The audience was largely middle-class, with little or no understanding of the isses faced daily by the kind of pupils I used to teach - and yet they all bought into the government hype that education can truly influence social mobility.

But what is the reality...? 

As it stands, the social mobility data suggests that we are at best stagnant on this issue: we have seen very little movement since the end of the Second World War. We now have pupils entering the labour market with less favourable prospects than their parents or grandparents.

Successive governments have turned to education as the solution to the intractable social mobility problem. They have all adopted an adage that is simply not true: ”All schools are alike and all children are the same - and therefore all schools should be able to achieve the same results.”

Ministers ignore the fact that poverty has always, and will always, affect education.

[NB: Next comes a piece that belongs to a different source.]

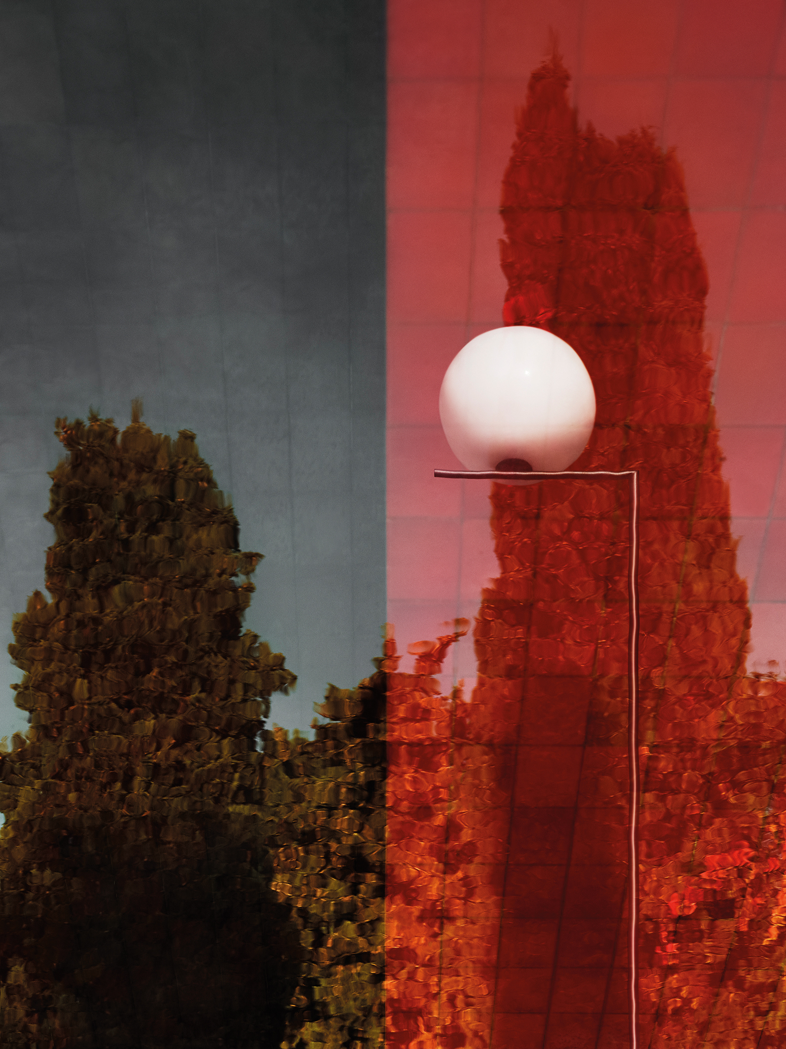 Stojací venkovní lampa ukazující dokonalost rovnováhy.

Children who enter school “wanting for something” - food, time or resources - have always done less well on average than others.

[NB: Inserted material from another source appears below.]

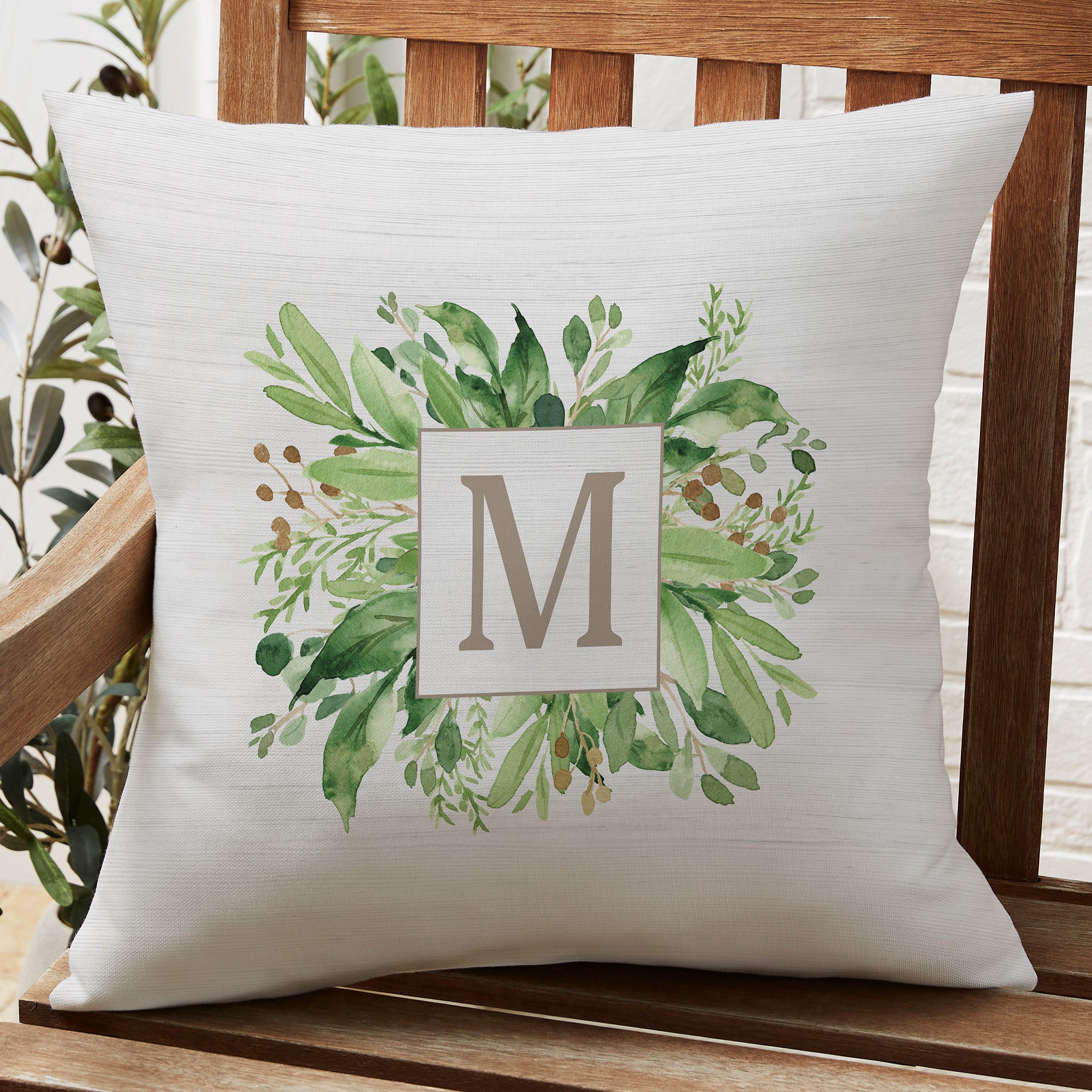 Spring Greenery Personalized Outdoor Throw Pillow

True, social mobility can only be achieved when we ensure that every child who lives in poverty is given the chances and choices that are open to their wealthier counterparts, but also when we accept that they do not choose to act differently: the fact is they have different pressures and different lives. And that it is very, very hard for schools to overcome these problems. 

And yet at present, as austerity bites, we see the resources designed to support many of those pupils who are wanting for something being withdrawn. Similarly, simply introducing a grammar school or a free school is exremely unlikely to help them. All the research suggests that grammar schools damage social mobility. (The truth is that having the brightest pupils in the comprehensive system raises standards for all - therefore increasing aspiration.)

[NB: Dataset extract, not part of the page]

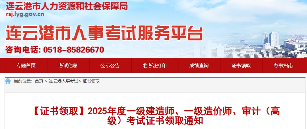 1月27日,连云港市人事考试服务平台发布《2025年度一级建造师、一级造价师、审计(高级)考试证书领取通知》,明确江苏连云港2025年一级建造师资格证书已经开始发放,请考生于2026年2月13日前申请邮寄或现场领取。

It is not rocket science to suggest that we need to support and change lives by having well-qualified and experienced teachers working with our most vulnerable pupils. But who in their right mind is going to move to a school which serves an overwhelmingly poor catchment but is only judged on data?

‘Stop comparing schools in different circumstances’

The problem is that most of the people who make the big decisions in education have never worked in such areas. Somehow we need them to stop comparing different schools in totally different circumstances. 

Our political leaders need to have only one ambition: to provide the best school possible in every community, with teachers who genuinely believe they can make a difference, and are judged and paid accordingly.

Until then it will be a fallacy to believe that we have a government which really cares about social mobility: teachers know the truth.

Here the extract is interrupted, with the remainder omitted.